10000 sequences (0.92 Mbp) processed in 0.148s (4062.8 Kseq/m, 374.76 Mbp/m).
  9033 sequences classified (90.33%)
  967 sequences unclassified (9.67%)

Column three is the predicted taxid. Let's get the name and rank of the unique taxids from NCBI eutils and compare them to the predicted taxa:

[user@cn3144 ~]$ cut -f3 HiSeq.kraken.2 | sort -u | grep -wv 0 > taxid.uniq
[user@cn3144 ~]$ esum="https://eutils.ncbi.nlm.nih.gov/entrez/eutils/esummary.fcgi"
[user@cn3144 ~]$ for taxid in $(cat taxid.uniq); do
                        curl -s -G "${esum}?db=taxonomy&id=${taxid}" | xsltproc taxonomyDocSum.xslt -
                    done 2> /dev/null > taxa.uniq
[user@cn3144 ~]$ join -1 3 -2 1 -t '|' \
                        <(sort -k3,3 HiSeq.kraken.2 | tr '\t' '|') \
                        <(paste -d '|' taxid.uniq taxa.uniq | sort -t'|' -k1,1) \
                    | awk -F'|' '{printf("%s prediction: %s(%s)\n", $3, $6, $7)}' \
                    | sort > HiSeq.kraken.pred
[user@cn3144 ~]$ tail -n -100 HiSeq.kraken.pred | head -n 5
X_axonopodis_HiSeq.875312 prediction: Xanthomonas phaseoli pv. dieffenbachiae LMG 695,()
X_axonopodis_HiSeq.87911 prediction: Xanthomonas citri group,species group()
X_axonopodis_HiSeq.881987 prediction: Xanthomonas,genus()
X_axonopodis_HiSeq.882508 prediction: Xanthomonas phaseoli pv. dieffenbachiae LMG 695,()
X_axonopodis_HiSeq.882724 prediction: Xanthomonas,genus()

[user@cn3144 ~]$ exit
salloc.exe: Relinquishing job allocation 46116226
[user@biowulf ~]$

Batch job
Most jobs should be run as batch jobs.

Create a batch input file (e.g. kraken.sh) which copies a reduced size standard database to /lscratch (or /dev/shm for version 1) and runs several fastq samples against a local copy of the database.

#! /bin/bash
# USAGE: kraken.sh dbname infile [infile ...]

module load kraken/1.1
db=$1
dbname=$(basename $1)
shift
[[ ${1:-none} != "none" ]] || exit 1

# make sure the database in /dev/shm is cleaned up
trap 'rm -rf /dev/shm/${dbname}' EXIT

[[ -d ${db} ]] && cp -r $db /dev/shm || exit 1

for infile in "$@"; do
    [[ -f ${infile} ]] \
    && kraken --db /dev/shm/${dbname} --threads ${SLURM_CPUS_PER_TASK} \
        --fastq-input --gzip-compressed --output ${infile}.kraken
done

Submit this job using the Slurm sbatch command.

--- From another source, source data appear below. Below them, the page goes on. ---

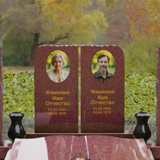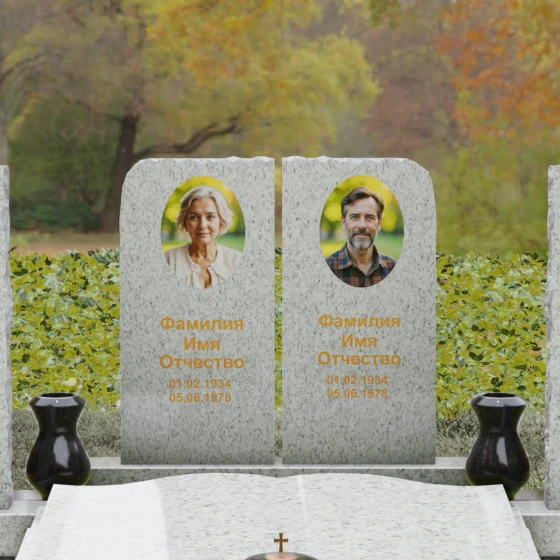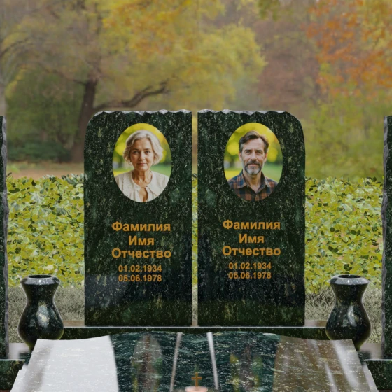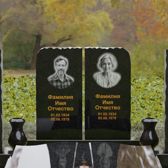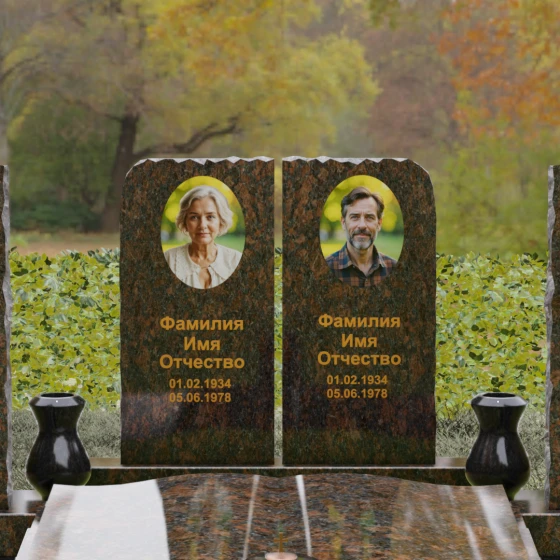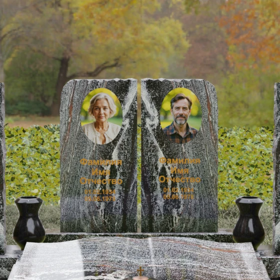 На широких полированных поверхностях одинаково выигрышно смотрятся как классическая лазерная гравировка портретов, так и цветные керамические медальоны. На представленных образцах мы видим золочение знаков — этот метод идеально сочетается с темными породами камня, делая надписи читаемыми даже в пасмурную погоду и придавая мемориалу торжественный вид. Размещение портретов в верхней трети стелы позволяет оставить достаточно места для эпитафий и декоративных элементов, таких как ветви деревьев или религиозные символы, выгравированные непосредственно на камне.
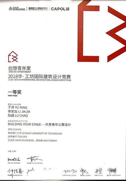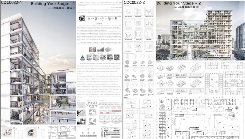 获奖作品《Build Your Stage》通过调查当代青年人的生活方式以及对未来生活方式的畅想,从青年人的心理及精神层面出发,将不同的生活需求结合实际情况,合理的对应到建筑的不同空间之中,体现每个居住者扮演的独特角色,担任的特定的社会责任,与其他角色一起站在自己选择的人生舞台之上,相互融合,呈现出更加精彩的人类社会演出。大赛评委会主席庄惟敏表示,此作品解决了高密度区域内年轻人的居住问题,具有很强的建造性,并期待作品落地的成果。Michael Rotondi教授对于一个方案中简化的处理方法和优雅的设计这两方面共存,表示了高度赞扬与欣赏。
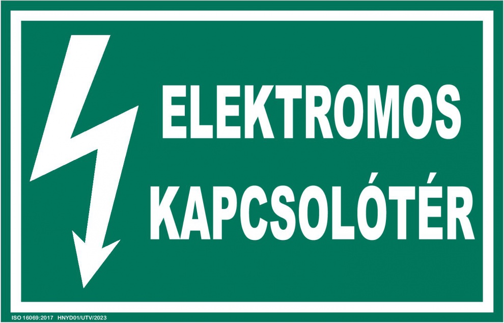 Elektromos kapcsolótér feliratú villamossági érintésvédelmet jelölő tábla
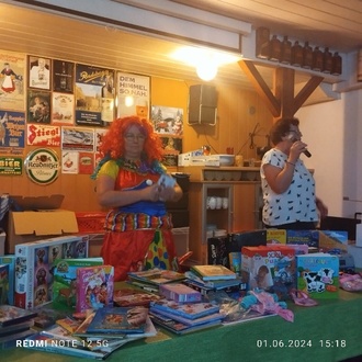 Im Juni ging es dann los mit dem Kindertag in der Gartenanlage Mitte mit Tanz, basteln, malen, Kinderflohmarkt und Kuchenbasar. Auch im nächsten Jahr wird es eine Wiederholung des Kindertages geben. Hoffentlich ohne so viel Wasser von oben wie in diesem Jahr, trotz alledem war die Stimmung gut, auch wenn die Männer im Rettungseinsatz waren. Mit dem Sommerkarneval in Lützen ging es weiter, wo unser neues Männerballett und unsere großen Mädels einen Auftritt hatten. Zur Unterstützung kam unser Hanno mit einer Bütt dazu.
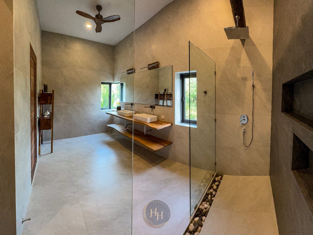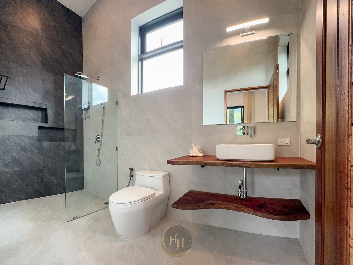 Built with modern infrastructure and energy efficiency in mind, the property includes a 12 kW solar power system with battery storage, three-phase European-standard electrical installation and preparation for an EV charger. The villa also offers fiber internet connectivity, LAN outlets in every room, smart home switches and CCTV security.

sbatch --cpus-per-task=16 --mem=38g kraken.sh \
    /fdb/kraken/20171019_standard_32GB sample0[0-9].fastq.gz
#! /bin/bash
# USAGE: kraken2.sh dbname infile [infile ...]

module load kraken/2.1.2
db=$1
dbname=$(basename $1)
shift
[[ ${1:-none} != "none" ]] || exit 1
    
[[ -d ${db} ]] && cp -r $db /lscratch/$SLURM_JOB_ID || exit 1

for infile in "$@"; do
    [[ -f ${infile} ]] \
    && kraken2 --db /lscratch/$SLURM_JOB_ID/${dbname} --threads ${SLURM_CPUS_PER_TASK} \
        --output ${infile}.kraken ${infile}
done

Submit this job using the Slurm sbatch command.

  sbatch --cpus-per-task=16 --mem=72g kraken2.sh \
      /fdb/kraken/20220803_standard_kraken2 sample0[0-9].fastq.gz
  
Swarm of Jobs
A swarm of jobs is an easy way to submit a set of independent commands requiring identical resources.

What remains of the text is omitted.